Comprehensive assessment of the postoperative period after uterine artery embolization based on stress response markers and Doppler imaging of uterine blood flow reduction

Nowadays, uterine fibroids are one of the commonest and most challenging problems encountered in gynecological practice. Globally, it is estimated to affect 20% of women over 30 years and more than 40% of women over 40 years [1]. According to the SOGC Clinical practice guideline (2015), uterine fibroids are the commonest gynecological tumors, with a prevalence of 70% to 80% in women who have reached the age of 50.

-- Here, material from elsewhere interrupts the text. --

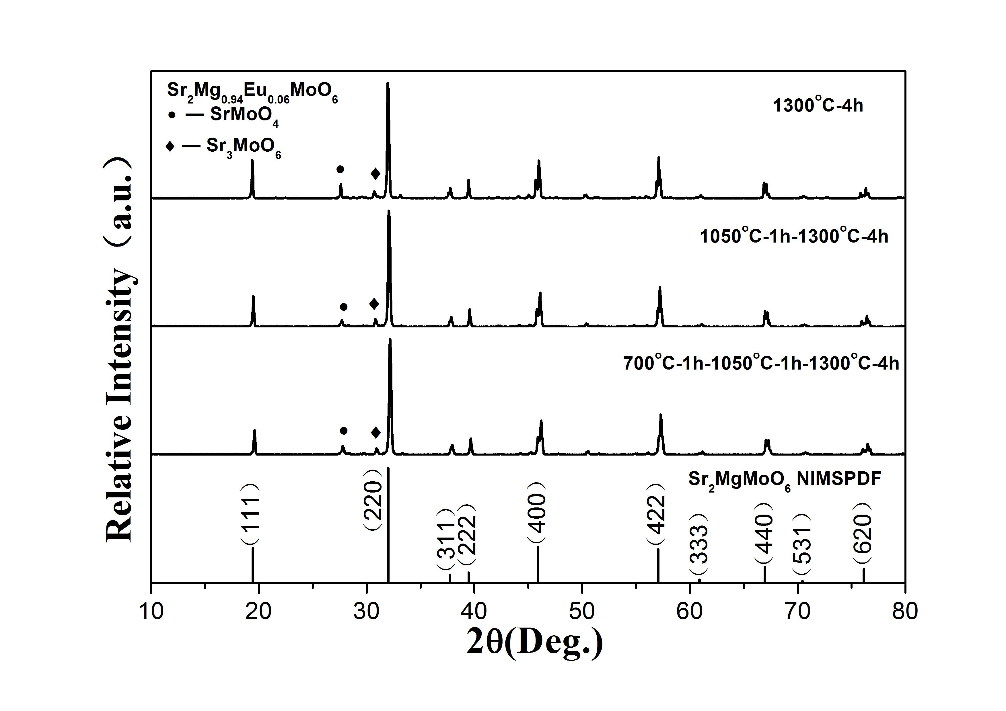 The preparation of three samples under different calcination system formed Sr2MgMoO6 main phase.

Uterine artery embolization (UAE) is a safe, effective, organ-sparing, and less invasive alternative to surgery widely used for the treatment of uterine fibroids [3-6]. In the immediate postoperative period after UAE, more than 50% of patients develop a postembolization syndrome, which typically occurs after embolization of any solid organ and is thought to be an immune-mediated response [7, 8].

As with any surgical injury, in response to UAE, the body initiates a systemic response comprising an endocrine and systemic inflammatory (immune) stress response [9]. To adequately protect the body, it is necessary to control stress, hemodynamic, endocrine and metabolic reactions, prevent and/or reduce pain and the accompanying emotional reactions [9–12]. Studying stress markers, controlling systemic reactions’ manifestations in minimally invasive surgical procedures, such as UAE, alleviating of the postembolization syndrome and the optimizing anesthesia remains a challenging research problem.

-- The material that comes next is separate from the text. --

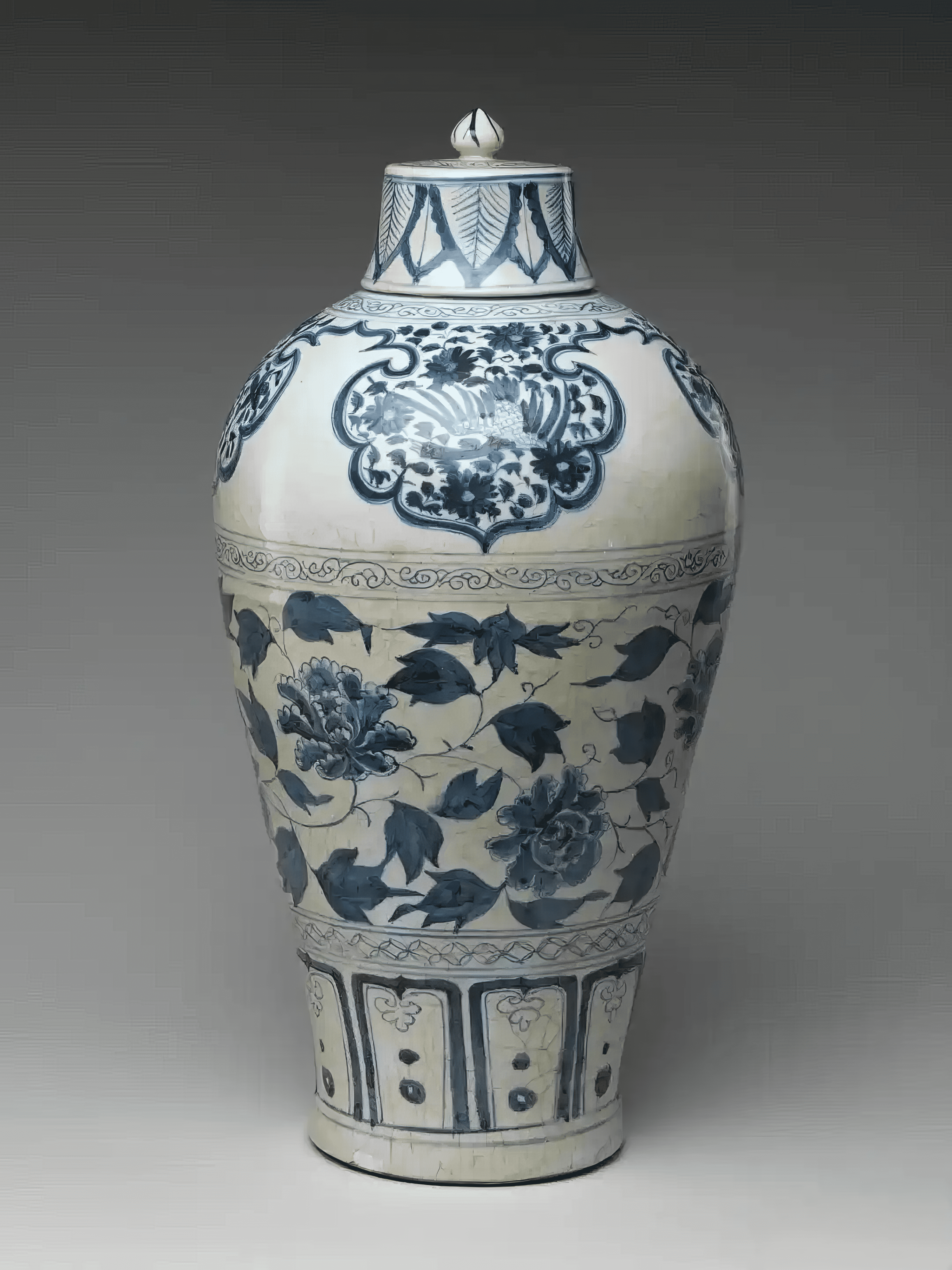元朝政府对瓷器管制严谨,设「浮梁磁局」掌理烧造。此类青花瓷绝非寻常百姓能拥有,多供官府督府、王亲贵族使用,或作为贸易与馈赠输往中东。大件如梅瓶、玉壶春瓶、扁壶等,常为贡品或外销之用,造型与纹饰蕴含浓厚的伊斯兰装饰风格。

The study aimed to comprehensively assess the postoperative period after uterine artery embolization (UAE) based on the dynamics of clinical and immuno-biochemical indicators of the stress response and Doppler imaging of uterine blood flow reduction; to investigate the relationship between the intensity of the immuno-biochemical response, pain syndrome severity, and ultrasound-detected arterial blood flow reduction in fibroids. Another aim was to identify the features of the systemic inflammatory response in patients undergoing UAE.

Material and methods

This pilot study comprised 60 patients with symptomatic multiple uterine fibroids, who underwent UAE at the Department of Gynecology of the RICEL Clinic. Inclusion criteria were as follows: verified diagnosis of multiple interstitial or subserosal uterine fibroids, ASA (American Society of Anesthesiologists) physical status class I to II, and the absence of pain caused by concurrent diseases.

Before UAE, all patients underwent laboratory testing and clinical evaluation, including hysteroscopy and fractional diagnostic curettage with the subsequent histologic investigation, and pelvic ultrasound examination. The ultrasound protocol included transabdominal and transvaginal echography by the standard technique, transabdominal and transvaginal color Doppler and Doppler color flow mapping (DCFM). Doppler imaging was used to observe peripheral and internal fibroid arteries and uterine arteries. The analysis of blood flow characteristics included the maximum possible number of visualized color voxels, which determined the nature of blood flow (arterial or venous), systolic and diastolic blood flow velocity, and resistance index (RI) – the ratio of (peak systolic velocity – end diastolic velocity) to peak systolic velocity.

UAE was performed in interventional radiology operating room. Vascular access was obtained under local anesthesia with lidocaine through the right femoral artery by the standard Seldinger technique. Contour spherical PVA micro-particles with diameters ranging from 710 to1000 microns and MeriMedical 500-700 micro-particles were used as embolic agents. Iopamidol 370 mg/ml was used as a contrast agent. The mean operative time was 43 ± 0.9 min. Angiographic criteria for the effectiveness of the UAE were as follows: 1) uterine artery occlusion (stasis of contrast in the uterine artery); 2) marked opalescence of fibroids; 3) retrograde reflux of the contrast agent from the uterine artery; 4) early arteriovenous reflux.

Anesthesia was done using both opioid and non-opioid analgesics according to standard indications to ensure adequate analgesia. As a non-opioid, centrally acting analgesic we used nefopam. It was given intravenously in single doses of 20 mg before UAE; at the time of embolization, patients were given an intravenous injection of 20 mg of promedol.

Postoperative analgesia in all groups consisted of non-opioid analgesics (nefopam 20 mg 6–8 hours ± ketoprofen 50 mg every 6–8 hours) and opioid analgesics according to indications.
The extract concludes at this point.